Yesterday I made a trip to the supermarket to purchase family rations for dinner and the following day’s breakfast. I usually do my shopping at Publix Supermarket, a major food retailer in the United States. Because of the recently escalating concerns over rising food prices, I decided to pay unusually close attention to my receipts. The first thing that caught my eye was that a 3 quart bottle of Tropicana orange juice which we had gotten into the habit of buying was listed at $6.99, up from the price of $3.99 a couple of months ago, that’s more than a 70% price increase. Soy Milk was up 30%, chicken up 35%, my small bowl of peeled mixed fruits up 40%. My surprise wasn’t that prices had risen but that our basic food bill had gone up by that much. Added to this critical household expense, the combined weekly gas bill for the family’s two now impractical SUVs was somewhere in the vicinity of $150/ week. It is no surprise that last week I saw my husband trying to revive our old 4 cyclinder Nissan Altima, a much more efficient gas consumption machine, but a machine which had been sitting idle in our yard for the past two years.

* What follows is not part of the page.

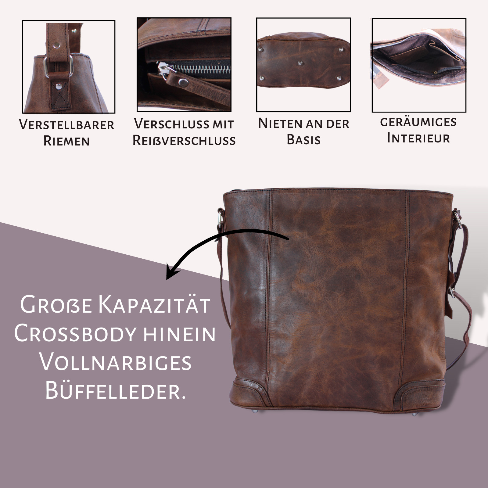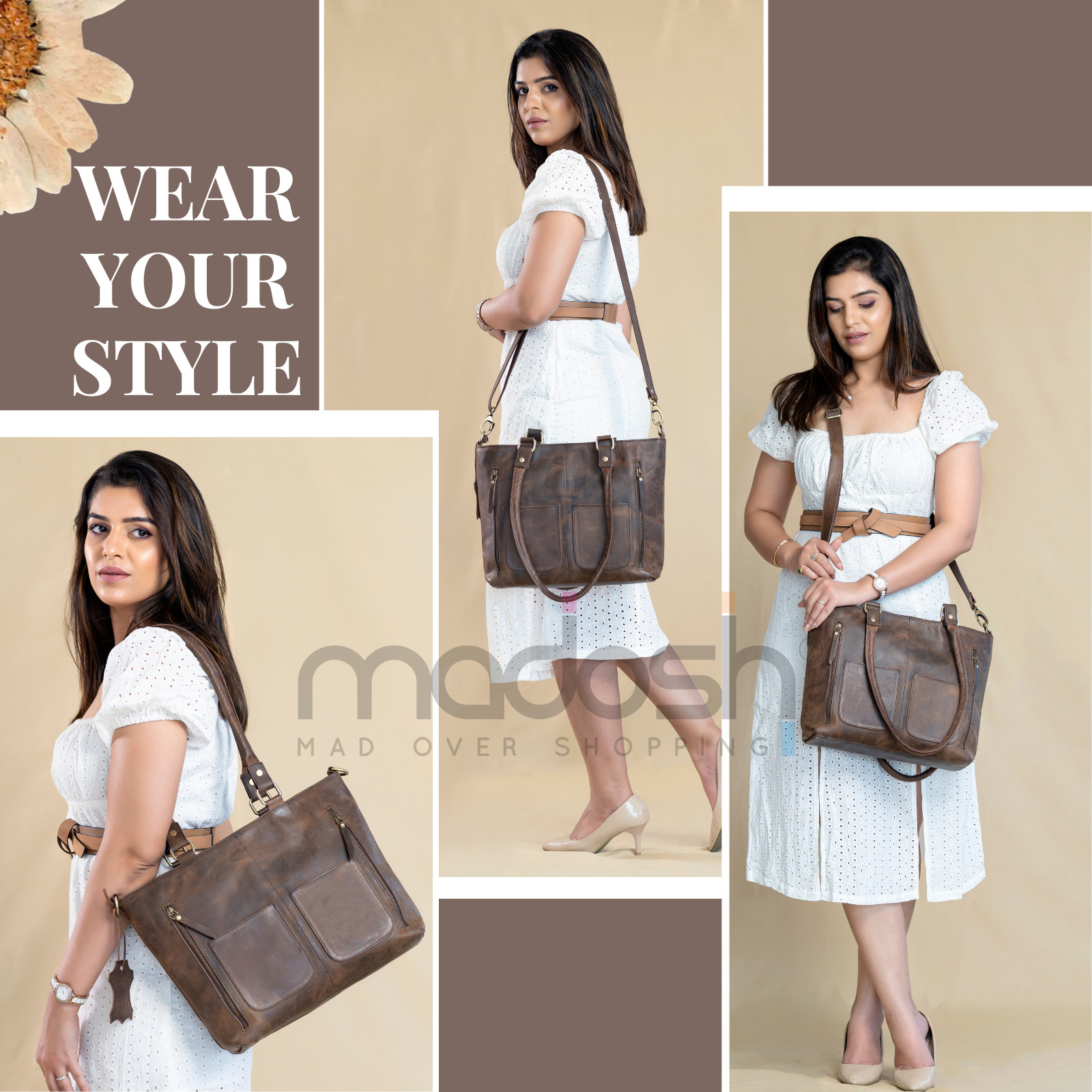 This brown one Leather handbag by MADOSH strikes a perfect balance of form and function to create a reliable tote bag for everyday use.This structured and functional Genuine buffalo leather bag gives you a hobo look and also can easily carry all your daily stuffs. So easy to pair with your daily outfits, this bag is ideal for everyday use.Size inspired by your daily lifestyle; This medium-volume shoulder bag single-handedly handles the aesthetic burden. All essentials fit so well in this full grain shoulder bag. The straps can be adjusted to be worn longer over the shoulder or as a crossbody bag.It opens to a main compartment for your personal belongings like laptop, notebooks, magazines, documents, water bottle, wallet, etc. with 1 zip and 2 slip pockets inside. It uses a zipper at the top of the bag that keeps your belongings secure. And the rivets at the bottom of the bag keep it stable for easy handling.It will not go out of style, it is the bag that is definitely in every woman's wardrobe.SIZE & FIT –Dimensions: Height: 13” (33 cm) | Length: 16" (40.64cm) | Width: 6" (15.24cm)Shoulder Strap Drop: 17.5” (44.45 cm)Shoulder strap length: 40” (101.60 cm)Details:Leather: buffalo leatherLining material: cottonInner compartment: 1Inside pockets: 3Closure: ZipperProduction: handworkStrap Type: Crossbody / ShoulderCountry of origin: IndiaNote:✔ Strong, robust buffalo leather tanned without the use of chemicals.✔ Variations in the texture and

Every summer I look forward to planting a small kitchen garden in our backyard. In the past, we did it as a hobby and to pass the gardening skill onto our small children. This summer, we’re planning a much larger garden and will plant a variety of vegetables and even some fruits like watermelon and strawberries. We have essentially cut back on our weekly restaurant outings and we focus more on cooking and eating at home. We have educated our kids on managing costs around the house and asked them to keep doors closed and to turn off electrical appliances when not in use. For our family, we are definitely responding to the economic contraction hitting the US economy. Keep in mind that we consider ourselves middle class, we’re financially ok, but we can’t help but feel a cognitive unease about what we read in the papers daily and what we experience first hand in stores.

In addition, many companies are feeling the economic pinch and are responding by laying off workers. I happen to know maybe nine families affected recently by the unemployment of someone in the household. I travel to Guyana on business at least once every couple of months, I had planned to increase that travel to monthly trips. Today, not only has my average cost per ticket gone up by around 40%, but flights have decreased significantly enough to have adversely impacted my ability to easily get to Guyana from Georgia. Needless to say, I have delayed my planned monthly trips.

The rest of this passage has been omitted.